B. L’amorce d’une pastorale d’ensemble dans le diocèse de Lyon dans la seconde moitié des années 1950

Les diocèses retenus pour notre échantillonnage (Angers, Nice, Strasbourg) ont tous, d’après leurs historiens respectifs, mis en place une pastorale d’ensemble dans la continuité d’une enquête de sociologie de type Boulard, en particulier pour ceux dont les enquêtes sont intervenues relativement tard (deuxième moitié des années 1950)1621. Pour le diocèse de Lyon, comme dans d’autres diocèses à la chronologie semblable1622, on ne peut pas parler d’effet direct. À l’annonce de la mise en place de la pastorale d’ensemble dans le diocèse par le cardinal Gerlier en 19611623, plus d’une quinzaine d’années se sont écoulées depuis le recensement de pratique dominicale coordonné par Jean Labbens. En revanche, plusieurs remaniements territoriaux dans la seconde moitié des années 1950 ont préparé la mise en place officielle de la pastorale d’ensemble dans le diocèse.
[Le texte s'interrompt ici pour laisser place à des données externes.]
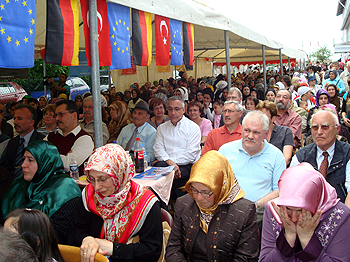![]() Bugün hem Türkler hemde Almanlar için çok güzel birgün. Burada birçok Alman vatandaşımı görmüş olmaktan da ayrıca mutlu oldum. Bizler her zaman biraraya gelmek zorundayız. Çünkü bir tane dünyamız var ve bir Allah’a inanıyoruz. Bizim barışçıl bir hayat sürdürmemiz için bu gerekli. Umuyorum ki bu cami uyuma katkıda bulunacaktır” dedi.
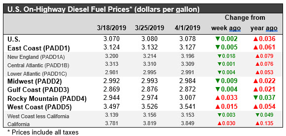 The U.S. Energy Information Administration (EIA) released its weekly data on diesel and gasoline retail prices for the week ended April 1st, 2019. Gasoline prices rose in all PADDs countrywide for the sixth week in a row, while diesel prices eased slightly. On a national average basis, retail prices for gasoline rose significantly by 6.8 cents/gallon. Retail diesel prices declined by 0.2 cents/gallon. National average prices for gasoline have been below their levels from one year ago, but they are catching up quickly. Diesel prices are higher than they were at the same time last year.
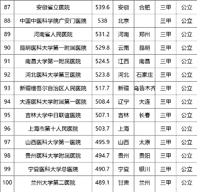 “100強(qiáng)”榜單中,入圍最多的三個(gè)省市分別是北京(16家醫(yī)院)、上海(13家醫(yī)院)、廣東(9家)。“100強(qiáng)”共覆蓋32個(gè)城市,包括4個(gè)直轄市(36家醫(yī)院)、23個(gè)省會(huì)城市(59家醫(yī)院)、5個(gè)地級(jí)市(5家醫(yī)院)??傮w看,城市的醫(yī)院平均得分和上榜機(jī)構(gòu)數(shù)有一定的相關(guān)性,上榜機(jī)構(gòu)數(shù)多的城市一般得分均值較高,說明這些城市醫(yī)院整體實(shí)力較高。
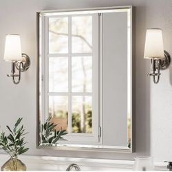 NEW-Brushed Nickel Bathroom Mirror, 24x32 Inch Beveled Framed Bathroom Mirror Anti-Rust, Brushed Nickel Metal Frame Bathroom Vanity Mirror for Wall, V$45Fort Lauderdale, FL
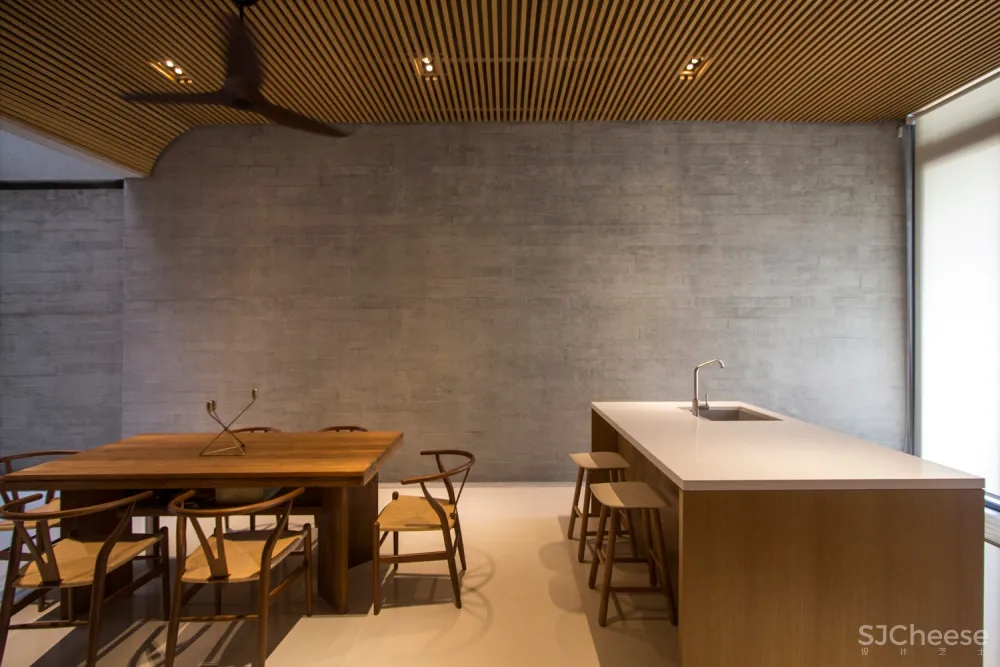 这栋简洁风格的露台住宅以削减为建筑理念,由简化平板材料构成的板状片体及脱模混凝土与白色橡木形成对比:减少材料、色彩的使用,通过空间体块的复杂化来增大光线、氛围的存在感,以及达到赤道地区湿热气候自然通风设计标准下的温热舒适性。
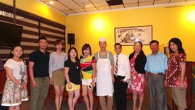 二、欄目組與金城老闆娘黃惠明(左五)、大師傅李慶彪(左六)、經理Simon(右四)、黃錦鈞(右二)、特邀吃貨嘉賓helen Feng(右三)合影。李師傅他從事飲食行業二十年,拿手好菜多多。黃惠明的哥哥黃錦鈞負責打理餐館之餘,酷愛唱歌,是有名的金嗓子。
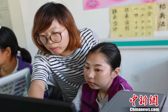 “集善乐业”甘肃张掖残疾人网络就业示范基地。 王祖敏 摄
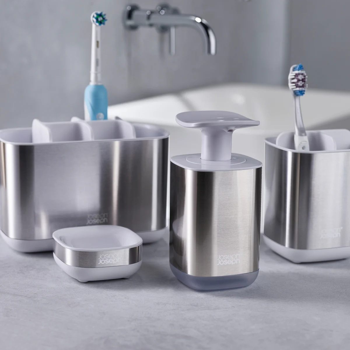 Der EasyStore Steel Zahnbürstenhalter von Joseph Joseph ist eine tolle Ergänzung für das Badezimmer und bietet Platz für Zahnpflegeprodukte wie Zahnbürste, Zahnpasta oder Zahnseide. Dank verschiedener Fächer kann der Behälter einfach unter Familienmitgliedern oder WG-Bewohnern aufgeteilt werden, sodass jeder seinen eigenen Bereich erhält.

Cette généalogie est d’autant plus importante à souligner que ces réaménagements ont pour cadre, voire pour objet principal, l’agglomération lyonnaise en croissance et non le diocèse dans sa totalité.

Notes
1621.

Voir les références bibliographiques données supra aux mêmes pages.

1622.

À Grenoble par exemple, l’enquête sociologique de Madame Jean Perrot date de 1953 mais la mise en place des « zones humaines » n’est initiée qu’à la fin de l’épiscopat de Mgr Fougerat (1957-1969), en 1967 (Gabriel Matagrin, « Le diocèse depuis Vatican II (1962-1978) », dans Bernard Bligny (dir.), Histoire du diocèse de Grenoble…, op. cit., p. 301-325, en particulier p. 305).

1623.

AAL, fonds Gerlier, 11.II.40, lettre du cardinal Gerlier aux archiprêtres, 6 avril 1961. Dans la messe radiodiffusée des malades du 30 octobre 1960, l’archevêque de Lyon évoquait déjà, mais sous la forme d’un souhait, « l’urgence de mettre au point ce que nous appelons une pastorale d’ensemble » (AAL, fonds Gerlier, 11.II.107).